Since 1955, when a then-unknown young pianist named Glenn Gould came along, the Goldberg Variations of J. S. Bach have been steadily gaining in stature. They’ve moved swiftly through several stages of public reception, from a pre-Gould reputation as a hyper-intellectual demonstration of compositional principles for harpsichord to an astounding feat of pianistic reinterpretation to what they have become today—the most exalted pieces of music ever written for solo keyboard. What made Wednesday’s outstanding performance of the legendary work even more impressive was that for pianist Christopher Taylor, the Goldberg Variations were probably the easy half of the program.

Taylor, who is familiar to Music Academy audiences from his highly regarded 2008 performance of Olivier Messiaen’s Vingt Regards sur l’Enfant-Jésus, left the Goldbergs, which he played with gusto and thrilling precision, until after intermission. The first half of the evening was devoted to The People United Will Never Be Defeated!—a truly astounding late-20th-century work by Frederic Rzewski. Between the two, Taylor accomplished a feat of pianistic memorization and performance of which the like will not be soon witnessed again anywhere—or at least anywhere outside of a Christopher Taylor recital.

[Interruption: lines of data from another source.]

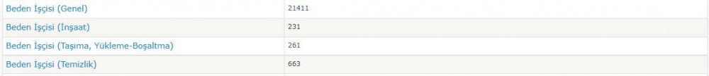 - Beden İşçisi (Taşıma, Yükleme-Boşaltma) 261 Kişi
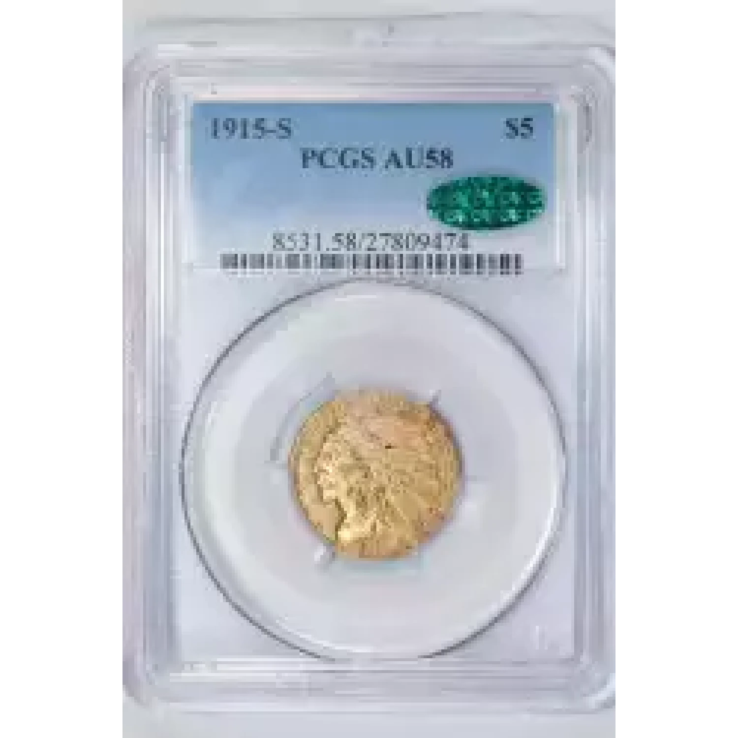 500866 | 1915-S Gold Half Eagles $5 Indian Head PCGS AU-58 CAC | PCGS | AU-58 | Sold: 10/08/2022 | $2,350 |
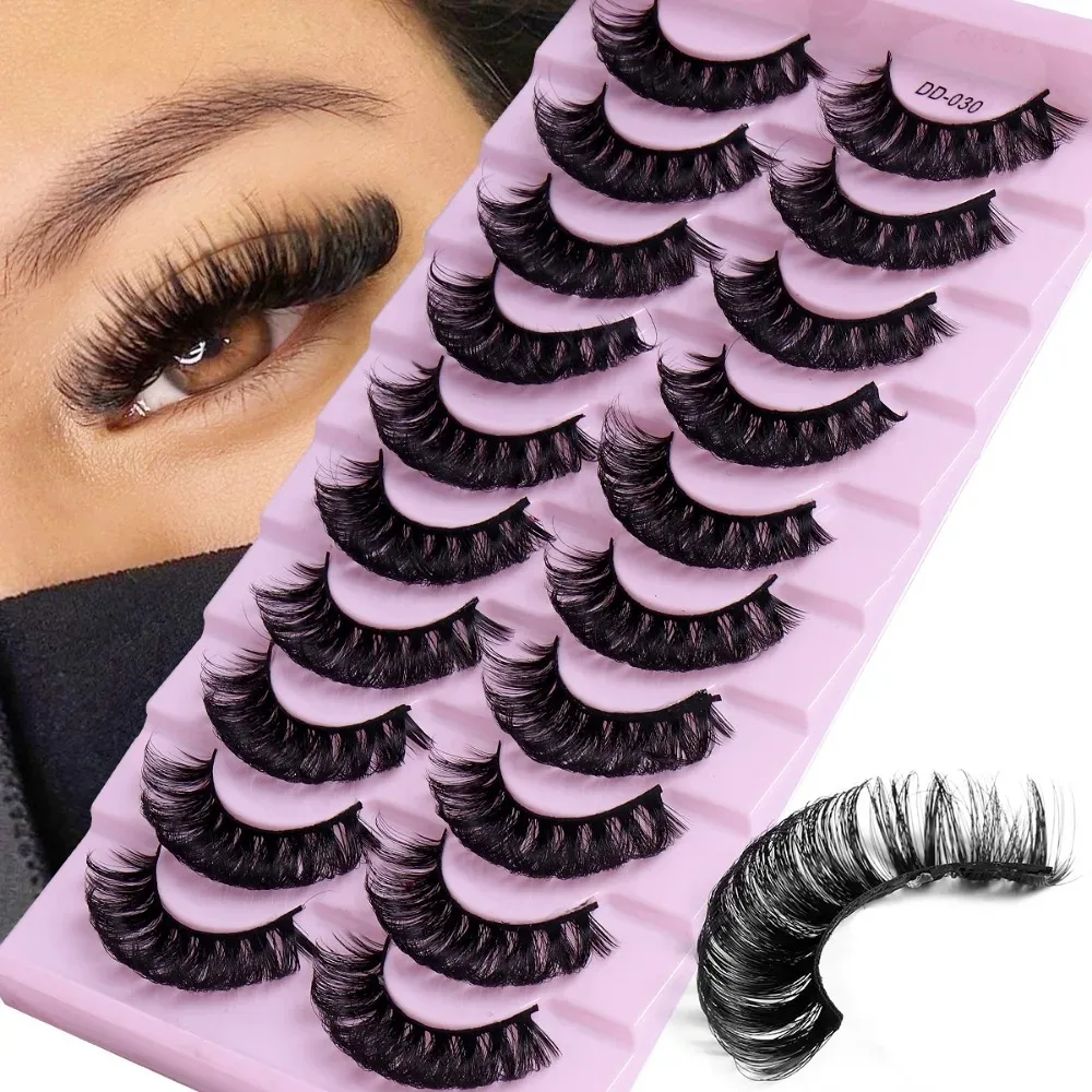 10 Pairs Russian Strip Lashes DD Curl Lashes 3D Eyelashes Reusable Fluffy False Lashes Russian Extensions
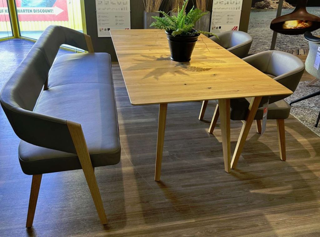 BemerkungEntdecken Sie mit Vcuben living die perfekte Kombination aus Stil und Funktionalität für Ihr Esszimmer. Dieser Austellungsgegenstand besticht durch seinen eleganten Esstisch mit Schrägfuß, der in den Maßen 100 x 76,5 x 200 cm großzügigen Platz für Ihre Gäste bietet. Die Klappeinlage, aus massivem Holz gefertigt, verlängert den Tisch um zusätzliche 100 cm, wodurch er ideal für besondere Anlässe wird.
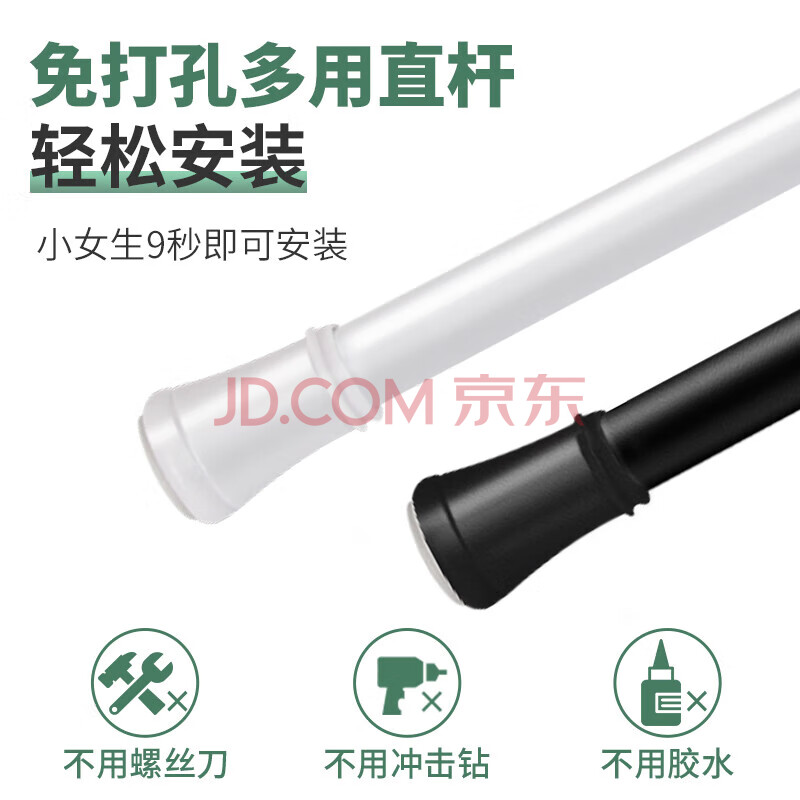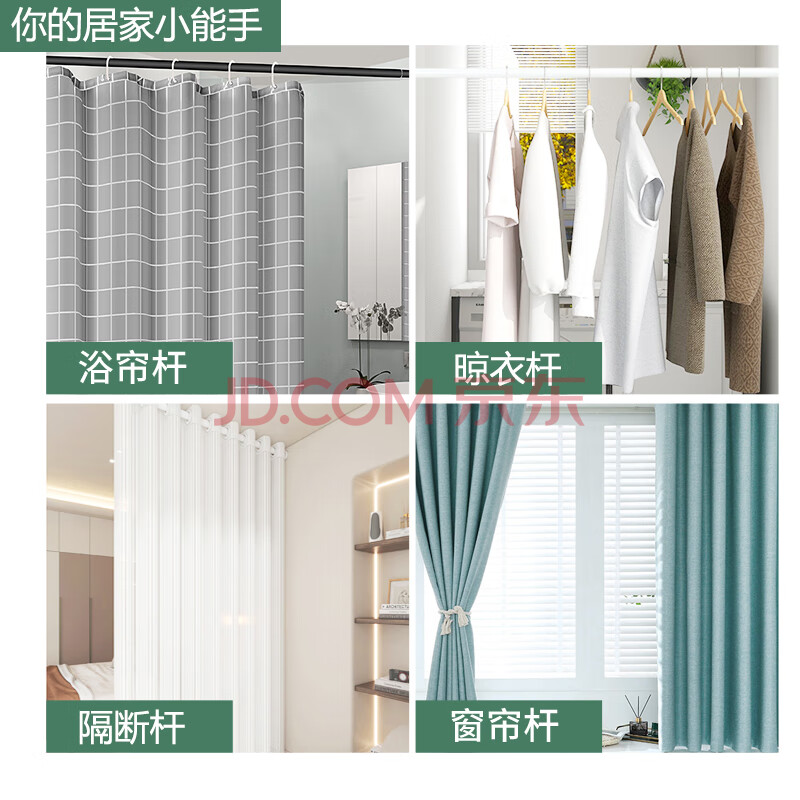 商品相册:美居客浴帘杆免打孔伸缩杆超细门帘窗帘杆衣柜撑杆90-160cm(迷你白)第
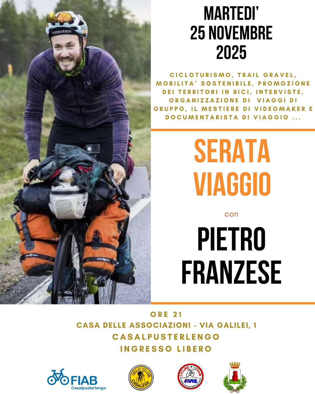 SERATA VIAGGIO - FIAB CASALPUSTERLENGO - MARTEDI' 25 NOVEMBRE ORE 21
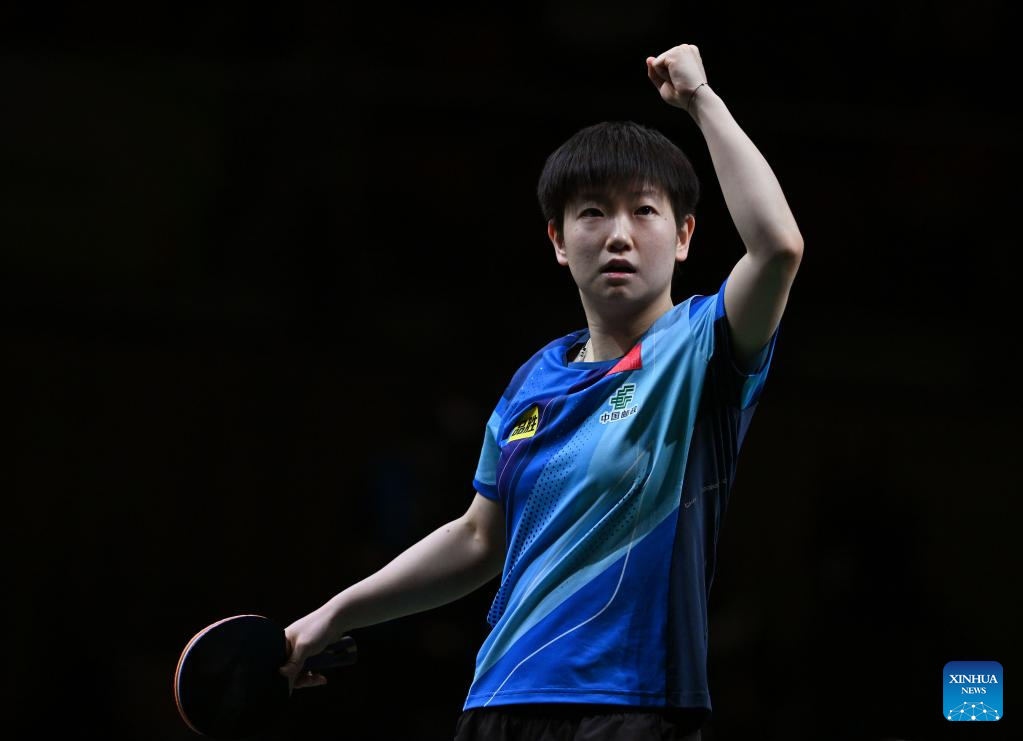 Sun Yingsha of China celebrates scoring during the women's singles final match against her compatriot Chen Meng at 2023 ITTF Table Tennis World Championships Finals in Durban, South Africa, May 28, 2023. (Xinhua/Tao Xiyi)
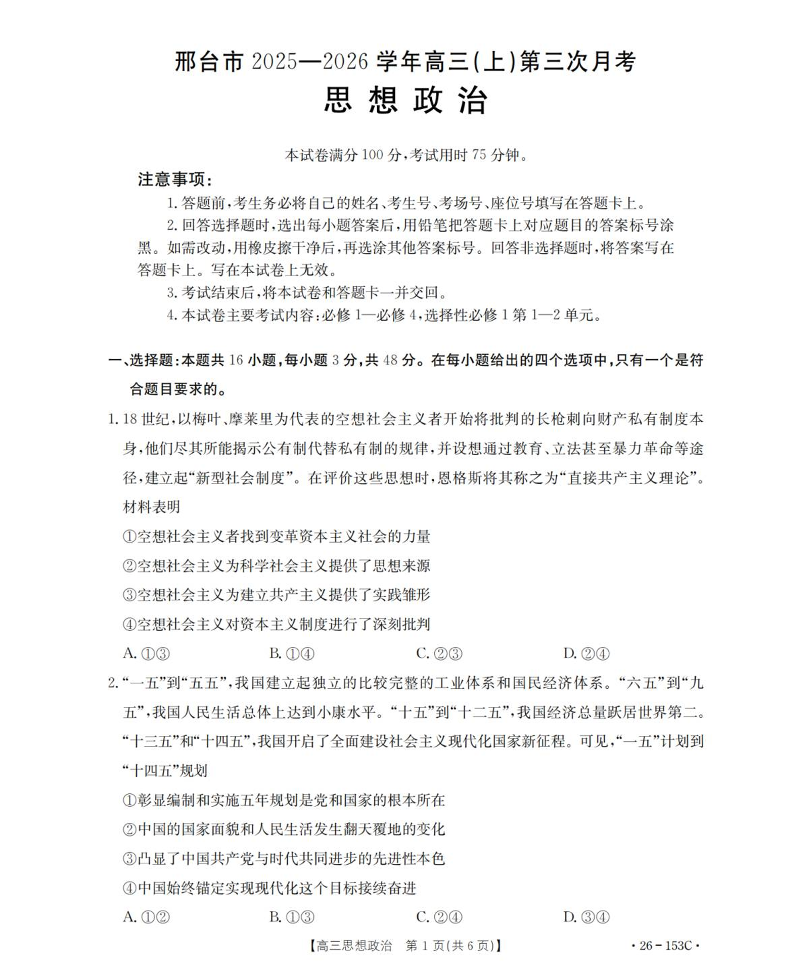 高三政治--河北省邢台市2026届高三上学期第三次月考
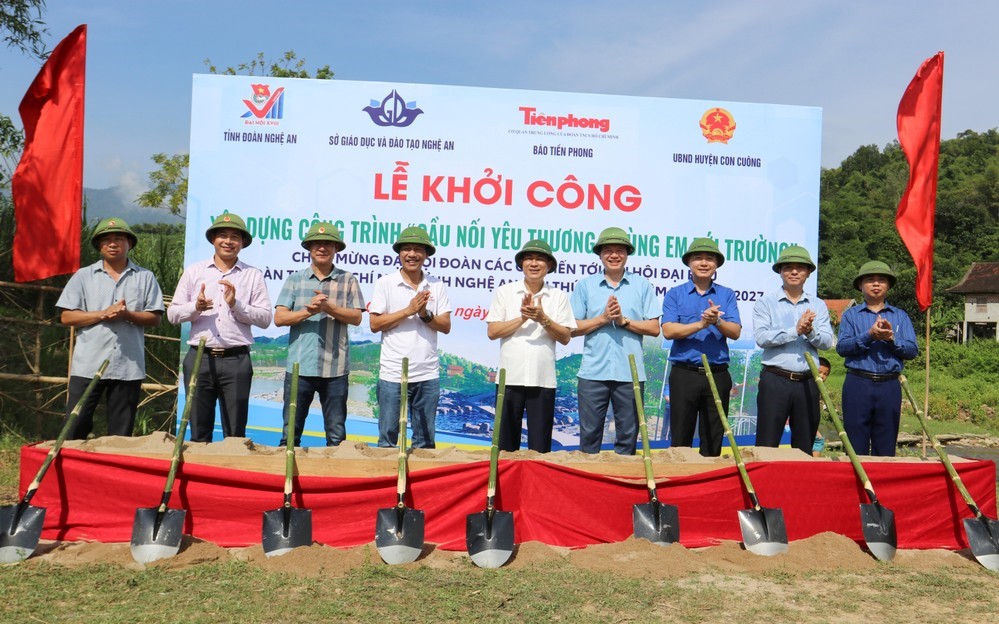 Ban Thường vụ Tỉnh đoàn Nghệ An phối hợp với các đơn vị khởi công xây dựng ba công trình thanh niên “Cầu nối yêu thương - Cùng em tới trường” mỗi công trình ước tính trị giá 1 tỷ đồng. Ảnh: Thanh Quỳnh
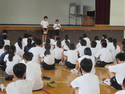 今日は、朝から気温が高く、WBGT(暑さ指数)が31を超えました。保健体育の授業はエアコンを使用できる体育館で実施しました。また、昨年度は7月初旬から始めた「『体操着(半袖シャツ・ハーフパンツ)』での登校」を今日の下校時からスタートしました。熱中症対策を講じての1学期の学校生活が始まりました!

The Goldbergs are so popular, and mean so much to so many people, it seems wise to begin at the end and talk about what Taylor made of them. In his dark suit, pocket square, and T-shirt, Taylor looked like a department chair leaving a meeting to run a marathon—which is also an apt description of the leading qualities he brings to Bach. His intellectual analysis and articulation of the underlying structures of these 30 miniature masterpieces guides the overall approach, but the impression his playing leaves is physical to the point of athleticism. In the piece’s penultimate section, his virtuosity was especially apparent, giving even current Goldberg champion recording artist and all-around piano superstar Murray Perahia a run for his money.

Yet for this listener, the revelation of the concert was the Rzewski. At well over an hour, the 36-part The People United Will Never Be Defeated! is not for those with short attention spans. Constructed in Bach’s manner as a densely self-referential matrix of exponentially increasing difficulty, TPUWNBD! nevertheless managed to swing hard at times, undermining the assumed boundaries between classical and popular music, and reinvigorating the kind of thinking about life and history that came naturally to composers in Bach’s era and which is so much harder to achieve in our own.